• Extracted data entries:
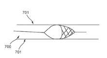도 7에 도시된 혈관은 혈관 벽(701)과 혈관 내강(700)을 갖는다. 필터(600)가 혈관 내강(700) 내로 전개되면, 필터(600)는 접선을 가질 수 있고 혈관 벽(701)의 내부면과 실질적으로 접촉할 수 있다. 혈관 벽(701)의 내부면과 필터(600) 간의 접촉이 지지부재(605)를 따르는 지점 및 메쉬(604)로부터 더 상류에서 시작하므로, 메쉬(604)의 전방단과 혈관 벽(701) 사이에는 공간이 존재하지 않는다. 따라서, 폐색 물질은 필터(600)와 혈관 벽(701) 사이에 축적될 수 없으며, 이는 테더형 필터(600) 가 혈관에서 제거되는 동안 그러한 물질이 혈류로 다시 빠져 나갈 위험을 감소시킨다.The blood vessel shown in Fig. 7 has a
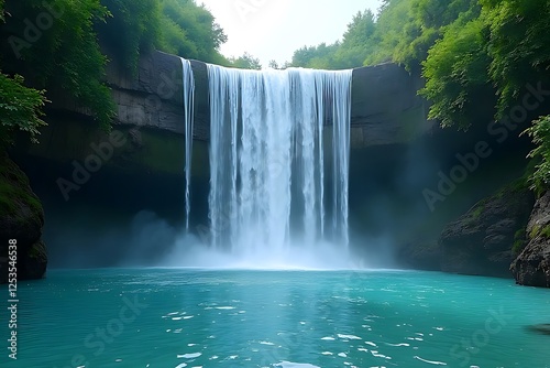 © misster, Fototapeta premium Serene Waterfall Cascading Into Tranquil Turquoise Pool Surrounded By Lush Green Foliage
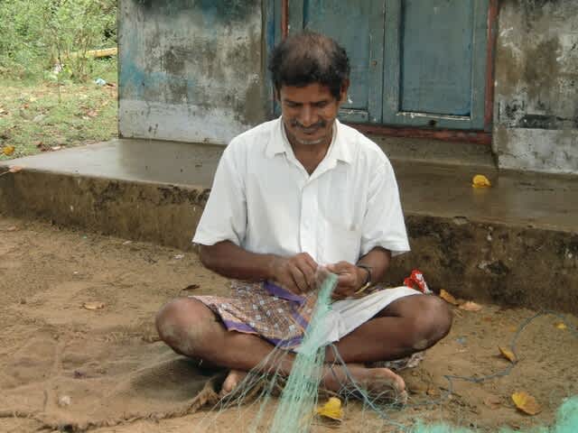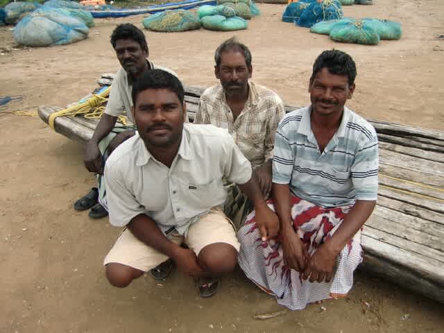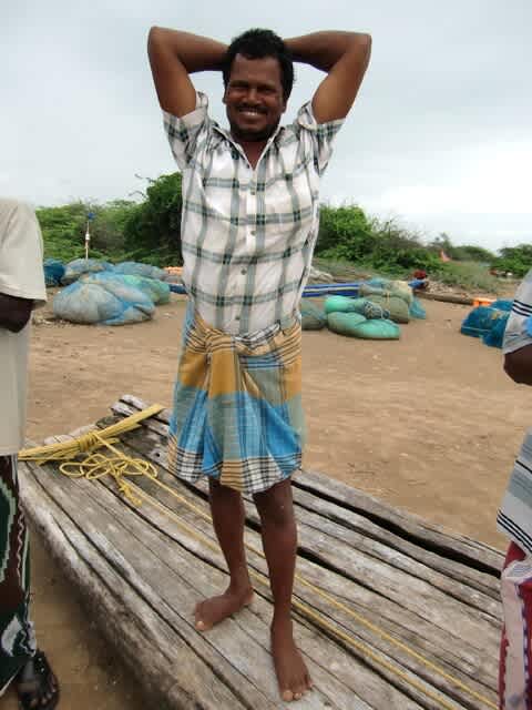 とある南インドの漁師たちは開襟シャツを着ているが共通のオシャレなのかも。一般的にはランニングシャツか裸が多い。
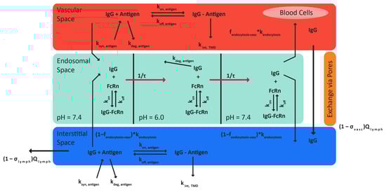Clearance can either occur as a result of unsuccessful binding to the neonatal Fc receptor (FcRn) and subsequent lysosomal degradation or through internalization of the antigen–antibody complex if applicable. The endosomal subspace is divided into three compartments to capture the change in pH with the formation of the endosome that results from uptake of the large molecule. Since binding to the FcRn is pH-dependent, it is important to account for pH differences. The first endosomal subspace represents the initial uptake of the large molecule by endocytosis when the endosome has not been completely formed. At this point, the environment has a pH of 7.4 which is associated with lower binding affinity between the antibody and the FcRn. The second endosomal subspace represents the complete formation of the endosome with a pH of 6 [13], associated with higher binding affinity between the antibody and the FcRn. It is in this compartment that clearance of the antibody can occur (degradation by the lysosome) if the antibody does not successfully bind to the FcRn [14]. The third endosomal subspace represents the recycling of the antibody back to the cell surface. The pH of this compartment is 7.4, allowing the antibody to unbind from the FcRn and be recycled back to the vascular or interstitial space. If the drug binding to the target antigen impacts the drug’s PK, the processes associated with target-mediated drug distribution (TMDD) may be included in the model. Separate dynamics for antigen synthesis and degradation and tissue-specific antigen expression are incorporated, as well as binding dynamics of the antibody and antigen. Antibody bound to the antigen can be cleared through internalization of the complex [15].
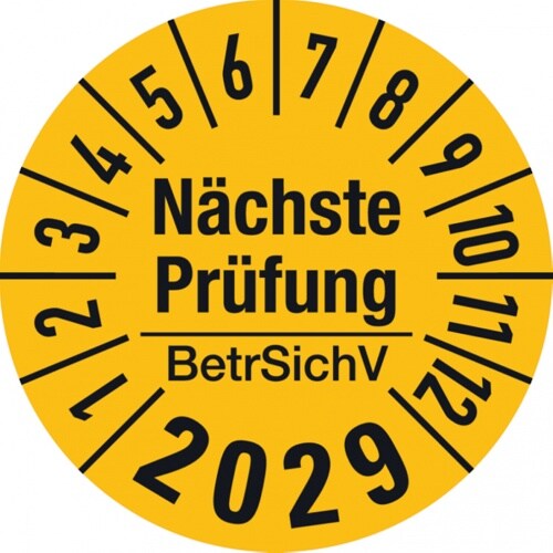 König Werbeanlagen Dreifke Jahresprüfplakette, Nächste Prüfung BetrSichV, gelb/sch - 30 mm Folie selbstklebend
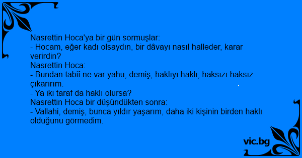 - Vallahi, demiş, bunca yıldır yaşarım, daha iki kişinin birden haklı olduğunu görmedim.
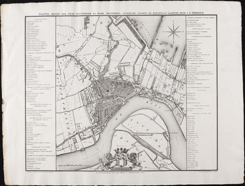 Map Zuid-Holland met 1 afbeelding van Rotterdam, plattegrond met legenda's en gezichten om, op en in de stad
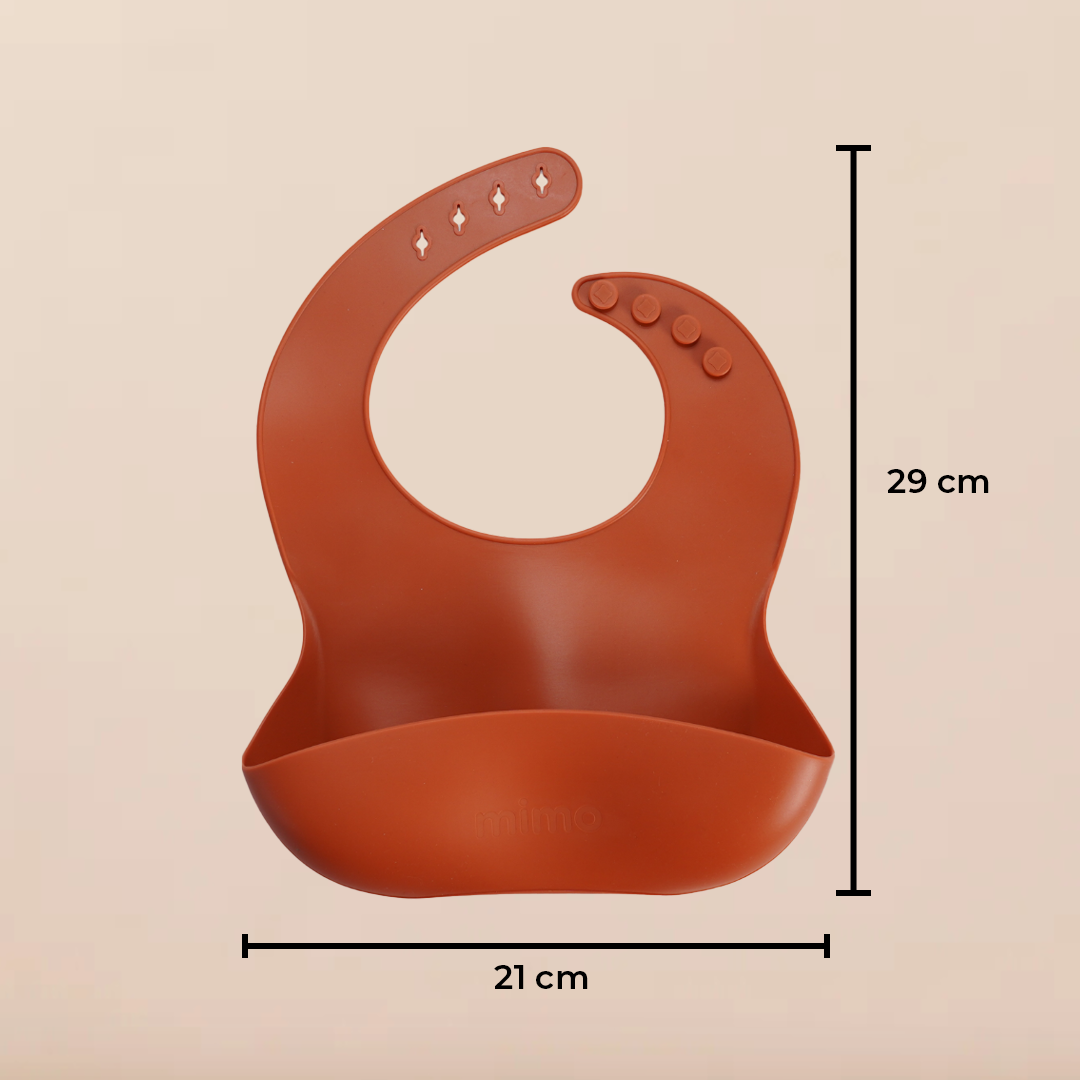 Babero impermeable con bolsillo recolector, diseñado para hacer la hora de la comida un momento mas limpio para el bebe como para los papas. Fácil de limpiar, suave y seguro con su material de silicón grado alimenticio y su ajuste cómodo al cuello del bebe acompañándolo en el crecimiento.
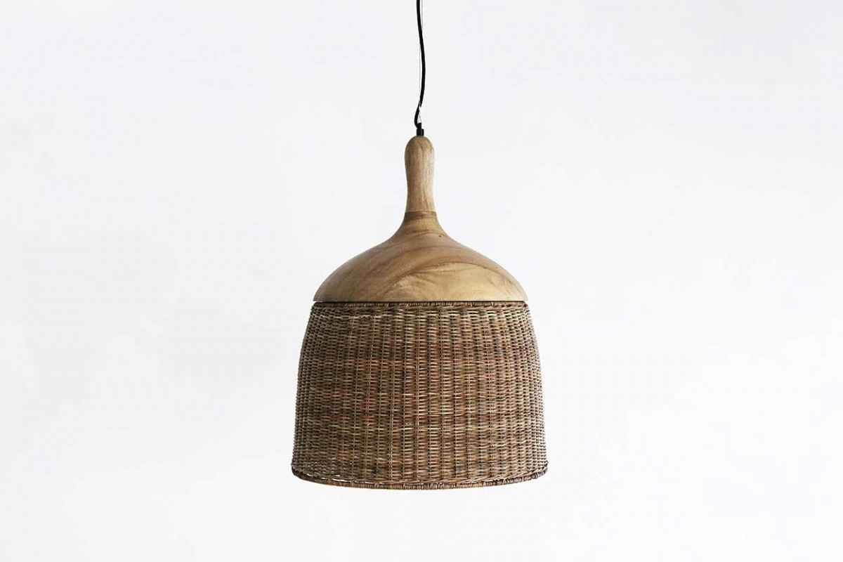 ラタン素材のシェードに木製のどんぐり帽子を組み合わせた、ナチュラルで異素材感が楽しめる魅力的なデザインです。絶妙な編み目から漏れる光が柔らかな陰影を生み出し、リビングやダイニングで存在感を発揮します。少し大きめのサイズ感が北欧インテリアやナチュラルテイストとよく調和します。
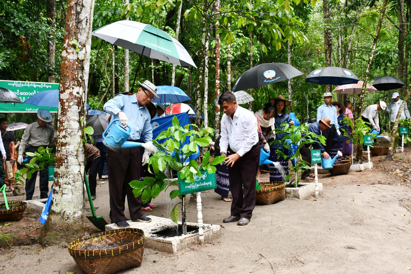 ထို့နောက် ပြည်နယ်ဝန်ကြီးချုပ်၊ ပြည်နယ်တရားလွှတ်တော်တရားသူကြီးချုပ်၊ ပြည်နယ်အစိုးရအဖွဲ့ဝင်များက ဗျိုင်းတောင်၊ လှာကဒေါင်၊ အုန်းတပင်၊ အိန္ဒဲ၊ အိန္ဒု၊ ကော့သင်းရှူး၊ လက္ခဏ၊ ခလောက်ထောင်၊ သစ်ချ၊ လွန်းည ကျေးရွာများမှ ကော်ဖီသီးနှံစိုက်ပျိုးမည့်တောင်သူများအား ဧက(၁၀၀)အတွက် ကော်ဖီပျိုးပင် ၄၃၅၀၀ ပင်အားဖြန့်ဝေ ပေးခဲ့ပြီး ဗျိုင်းတောင်ကျေးရွာ တောင်သူဦးအလု၏ စိုက်ဧက ၃ ဒဿမ ၅ ဧကအတွင်း ကော်ဖီပျိုးပင် ၁၅၂၂ ပင်ကို တက်ရောက်လာသူများနှင့်အတူ စုပေါင်းစိုက်ပျိုးခဲ့ကြသည်။

• ASSIGNMENT: What's needed is an exact copy of every entry, minus the pictures.

• WRITTEN ANSWER:
도 7에 도시된 혈관은 혈관 벽(701)과 혈관 내강(700)을 갖는다. 필터(600)가 혈관 내강(700) 내로 전개되면, 필터(600)는 접선을 가질 수 있고 혈관 벽(701)의 내부면과 실질적으로 접촉할 수 있다. 혈관 벽(701)의 내부면과 필터(600) 간의 접촉이 지지부재(605)를 따르는 지점 및 메쉬(604)로부터 더 상류에서 시작하므로, 메쉬(604)의 전방단과 혈관 벽(701) 사이에는 공간이 존재하지 않는다. 따라서, 폐색 물질은 필터(600)와 혈관 벽(701) 사이에 축적될 수 없으며, 이는 테더형 필터(600) 가 혈관에서 제거되는 동안 그러한 물질이 혈류로 다시 빠져 나갈 위험을 감소시킨다.The blood vessel shown in Fig. 7 has a
 © misster, Fototapeta premium Serene Waterfall Cascading Into Tranquil Turquoise Pool Surrounded By Lush Green Foliage
 とある南インドの漁師たちは開襟シャツを着ているが共通のオシャレなのかも。一般的にはランニングシャツか裸が多い。
Clearance can either occur as a result of unsuccessful binding to the neonatal Fc receptor (FcRn) and subsequent lysosomal degradation or through internalization of the antigen–antibody complex if applicable. The endosomal subspace is divided into three compartments to capture the change in pH with the formation of the endosome that results from uptake of the large molecule. Since binding to the FcRn is pH-dependent, it is important to account for pH differences. The first endosomal subspace represents the initial uptake of the large molecule by endocytosis when the endosome has not been completely formed. At this point, the environment has a pH of 7.4 which is associated with lower binding affinity between the antibody and the FcRn. The second endosomal subspace represents the complete formation of the endosome with a pH of 6 [13], associated with higher binding affinity between the antibody and the FcRn. It is in this compartment that clearance of the antibody can occur (degradation by the lysosome) if the antibody does not successfully bind to the FcRn [14]. The third endosomal subspace represents the recycling of the antibody back to the cell surface. The pH of this compartment is 7.4, allowing the antibody to unbind from the FcRn and be recycled back to the vascular or interstitial space. If the drug binding to the target antigen impacts the drug’s PK, the processes associated with target-mediated drug distribution (TMDD) may be included in the model. Separate dynamics for antigen synthesis and degradation and tissue-specific antigen expression are incorporated, as well as binding dynamics of the antibody and antigen. Antibody bound to the antigen can be cleared through internalization of the complex [15].
 König Werbeanlagen Dreifke Jahresprüfplakette, Nächste Prüfung BetrSichV, gelb/sch - 30 mm Folie selbstklebend
 - Vallahi, demiş, bunca yıldır yaşarım, daha iki kişinin birden haklı olduğunu görmedim.
 Map Zuid-Holland met 1 afbeelding van Rotterdam, plattegrond met legenda's en gezichten om, op en in de stad
 Babero impermeable con bolsillo recolector, diseñado para hacer la hora de la comida un momento mas limpio para el bebe como para los papas. Fácil de limpiar, suave y seguro con su material de silicón grado alimenticio y su ajuste cómodo al cuello del bebe acompañándolo en el crecimiento.
 ラタン素材のシェードに木製のどんぐり帽子を組み合わせた、ナチュラルで異素材感が楽しめる魅力的なデザインです。絶妙な編み目から漏れる光が柔らかな陰影を生み出し、リビングやダイニングで存在感を発揮します。少し大きめのサイズ感が北欧インテリアやナチュラルテイストとよく調和します。
 ထို့နောက် ပြည်နယ်ဝန်ကြီးချုပ်၊ ပြည်နယ်တရားလွှတ်တော်တရားသူကြီးချုပ်၊ ပြည်နယ်အစိုးရအဖွဲ့ဝင်များက ဗျိုင်းတောင်၊ လှာကဒေါင်၊ အုန်းတပင်၊ အိန္ဒဲ၊ အိန္ဒု၊ ကော့သင်းရှူး၊ လက္ခဏ၊ ခလောက်ထောင်၊ သစ်ချ၊ လွန်းည ကျေးရွာများမှ ကော်ဖီသီးနှံစိုက်ပျိုးမည့်တောင်သူများအား ဧက(၁၀၀)အတွက် ကော်ဖီပျိုးပင် ၄၃၅၀၀ ပင်အားဖြန့်ဝေ ပေးခဲ့ပြီး ဗျိုင်းတောင်ကျေးရွာ တောင်သူဦးအလု၏ စိုက်ဧက ၃ ဒဿမ ၅ ဧကအတွင်း ကော်ဖီပျိုးပင် ၁၅၂၂ ပင်ကို တက်ရောက်လာသူများနှင့်အတူ စုပေါင်းစိုက်ပျိုးခဲ့ကြသည်။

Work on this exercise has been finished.